- Required action:
Print the lines that run from the line with "楽天証券の口座を確認したとこ" to the line with "在省道S576线铺落水至江头", keeping both end lines, exactly as they appear in the entries below, and nothing else.

- Data for review:
....................
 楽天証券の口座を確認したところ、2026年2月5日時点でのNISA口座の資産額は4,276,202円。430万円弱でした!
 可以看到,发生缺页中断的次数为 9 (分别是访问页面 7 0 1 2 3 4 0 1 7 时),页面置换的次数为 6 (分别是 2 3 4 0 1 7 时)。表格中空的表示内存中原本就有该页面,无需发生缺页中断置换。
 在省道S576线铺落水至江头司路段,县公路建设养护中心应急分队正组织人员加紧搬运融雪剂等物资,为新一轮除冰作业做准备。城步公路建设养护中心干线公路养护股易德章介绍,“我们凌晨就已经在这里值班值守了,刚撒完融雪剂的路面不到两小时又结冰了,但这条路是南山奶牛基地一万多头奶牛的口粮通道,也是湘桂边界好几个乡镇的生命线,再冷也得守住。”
....................
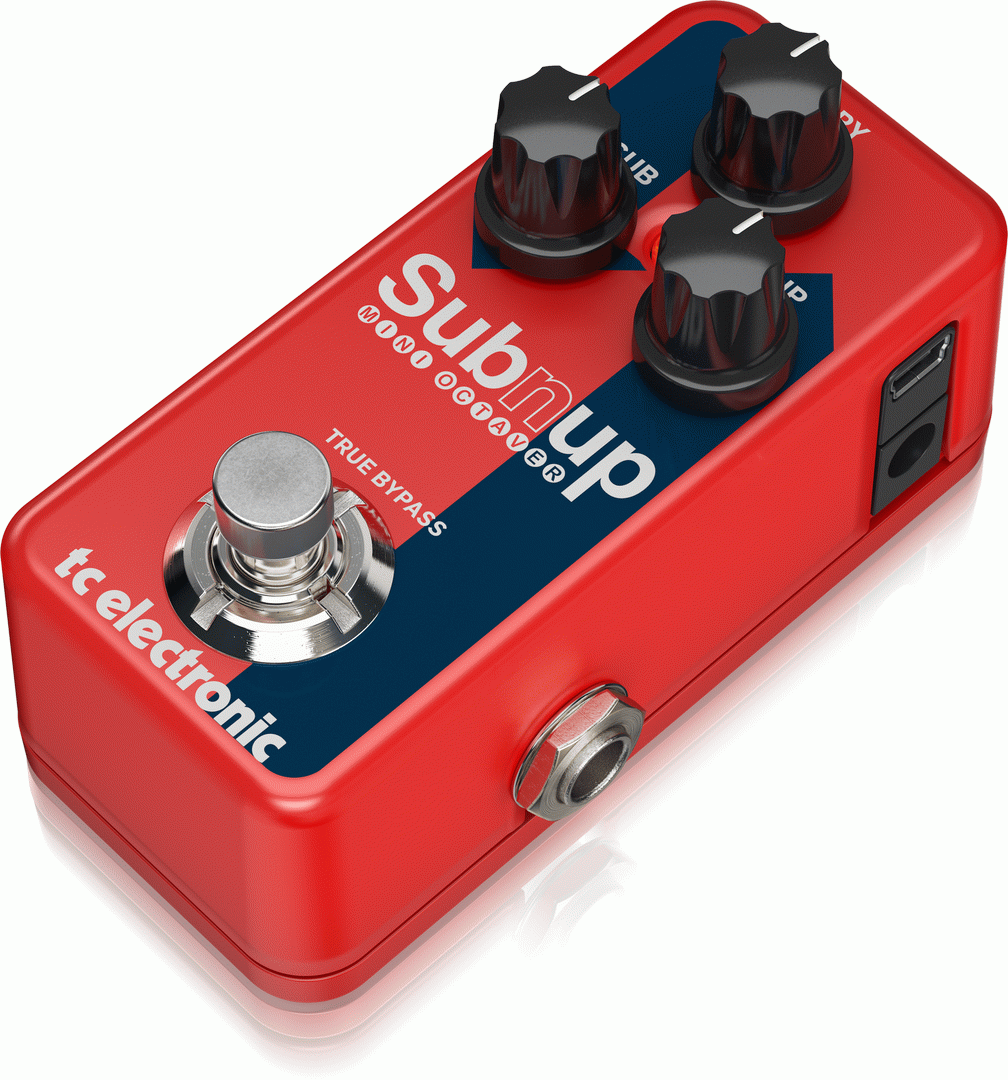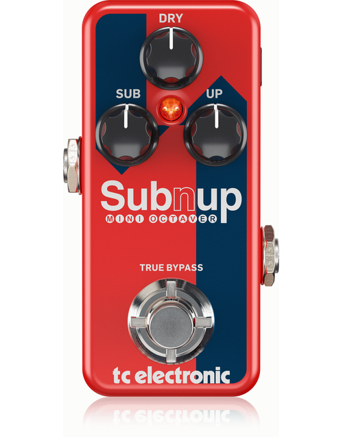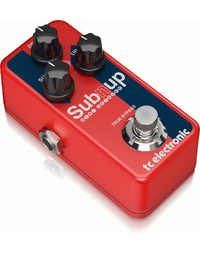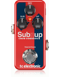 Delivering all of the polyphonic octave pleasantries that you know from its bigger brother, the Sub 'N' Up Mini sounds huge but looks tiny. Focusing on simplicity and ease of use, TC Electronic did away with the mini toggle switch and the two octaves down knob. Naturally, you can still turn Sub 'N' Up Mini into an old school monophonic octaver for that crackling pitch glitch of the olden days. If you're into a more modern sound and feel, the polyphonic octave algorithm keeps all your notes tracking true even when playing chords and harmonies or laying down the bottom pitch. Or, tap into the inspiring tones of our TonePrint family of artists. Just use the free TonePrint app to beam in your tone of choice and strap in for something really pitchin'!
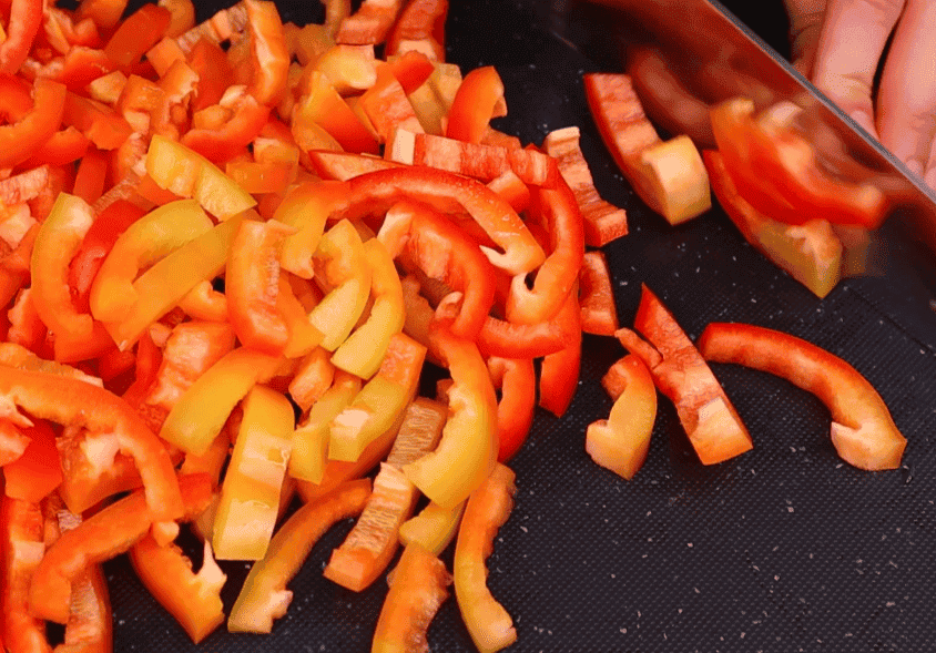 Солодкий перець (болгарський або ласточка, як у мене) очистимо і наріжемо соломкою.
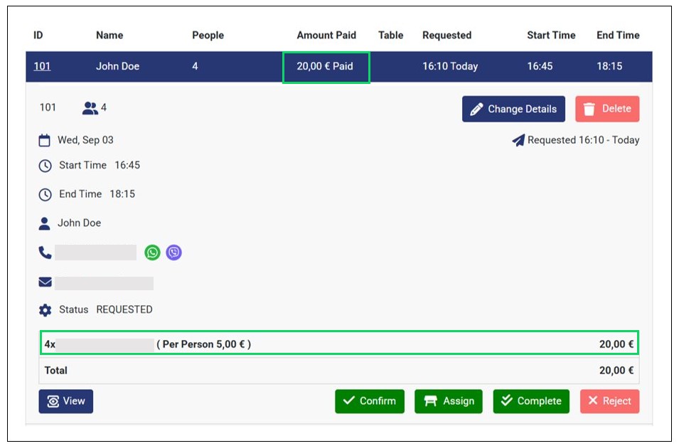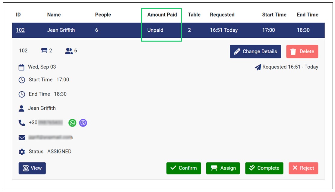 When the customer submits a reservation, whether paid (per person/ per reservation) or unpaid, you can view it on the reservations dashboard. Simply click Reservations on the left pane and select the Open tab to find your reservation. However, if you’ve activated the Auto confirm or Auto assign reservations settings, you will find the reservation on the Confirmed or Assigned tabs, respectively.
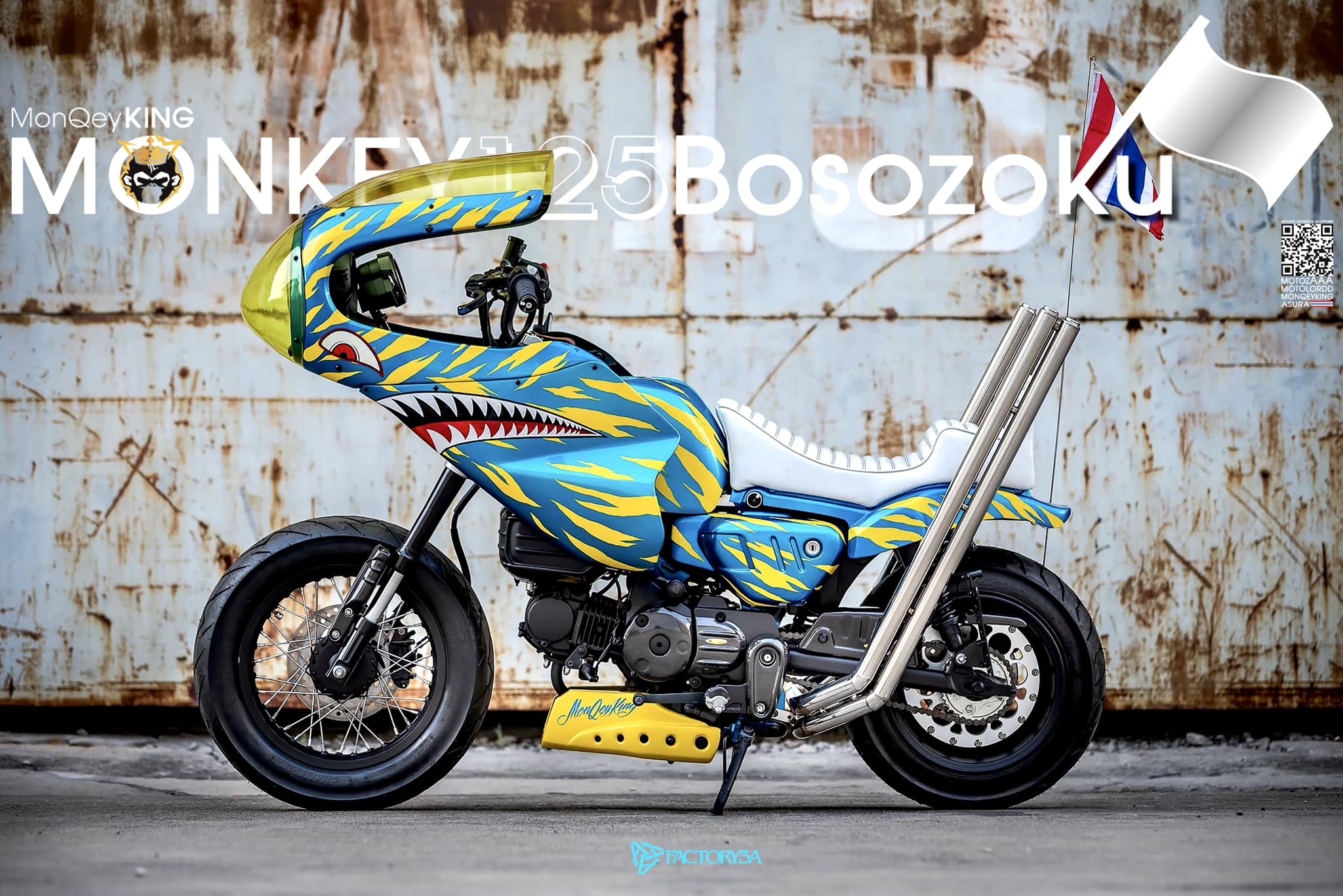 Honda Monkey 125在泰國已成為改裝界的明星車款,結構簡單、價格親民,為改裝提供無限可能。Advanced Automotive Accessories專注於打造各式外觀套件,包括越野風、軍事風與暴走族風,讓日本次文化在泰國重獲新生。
....................
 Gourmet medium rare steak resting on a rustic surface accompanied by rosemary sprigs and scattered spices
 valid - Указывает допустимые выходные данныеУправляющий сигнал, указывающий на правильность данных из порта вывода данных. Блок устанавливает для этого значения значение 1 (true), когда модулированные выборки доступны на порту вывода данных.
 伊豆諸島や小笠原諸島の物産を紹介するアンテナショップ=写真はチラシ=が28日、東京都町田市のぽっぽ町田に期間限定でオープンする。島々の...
....................
- Answer to this exercise:
 楽天証券の口座を確認したところ、2026年2月5日時点でのNISA口座の資産額は4,276,202円。430万円弱でした!
 可以看到,发生缺页中断的次数为 9 (分别是访问页面 7 0 1 2 3 4 0 1 7 时),页面置换的次数为 6 (分别是 2 3 4 0 1 7 时)。表格中空的表示内存中原本就有该页面,无需发生缺页中断置换。
 在省道S576线铺落水至江头司路段,县公路建设养护中心应急分队正组织人员加紧搬运融雪剂等物资,为新一轮除冰作业做准备。城步公路建设养护中心干线公路养护股易德章介绍,“我们凌晨就已经在这里值班值守了,刚撒完融雪剂的路面不到两小时又结冰了,但这条路是南山奶牛基地一万多头奶牛的口粮通道,也是湘桂边界好几个乡镇的生命线,再冷也得守住。”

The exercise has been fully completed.